9. Notwithstanding section 10.8 of the Trust Indenture, the Legislation requires, in certain circumstances, that a Compulsory Acquisition or Subsequent Acquisition Transaction, as applicable, be approved at a meeting of Unitholders called for that purpose.
10. To effect either a Compulsory Acquisition or a Subsequent Acquisition Transaction, as applicable, the Applicant will obtain minority approval, as that term is defined in the Legislation, calculated in accordance with the terms of Section 8.2 of Ontario Securities Rule 61-501 and Section 8.2 of Autorité des marchés financiers du Québec Regulation Q-27 (the "Minority Approval"), albeit not at a meeting of Unitholders, but by the Written Resolution.
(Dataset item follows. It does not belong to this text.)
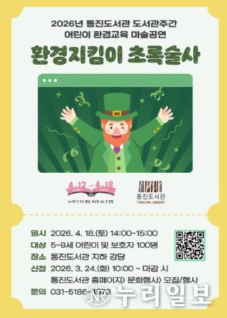 ‘환경지킴이 초록술사’ 공연은 4월 18일 오후 2시부터 3시까지 통진도서관 지하 강당에서 진행된다. 대상은 5~9세 어린이 및 보호자 100명이다. 참여를 원할 경우 3월 24일 오전 10시부터 통진도서관 누리집에서 신청하면 된다.

11. The Circular provided to Unitholders in connection with the Bid contains all disclosure required by applicable securities laws, including without limitation the take-over bid provisions and form requirements of the securities legislation in the Jurisdictions and the provisions of OSC Rule 61-501 relating to the disclosure required to be included in a disclosure document for a formal bid in respect of a second-step business combination.
Each of the Decision Makers is satisfied that the test contained in the Legislation that provides the Decision Maker with the jurisdiction to make the decision has been met.
The decision of the Decision Makers under the Legislation is that the Requested Relief is granted provided that Minority Approval shall have been obtained by Written Resolution.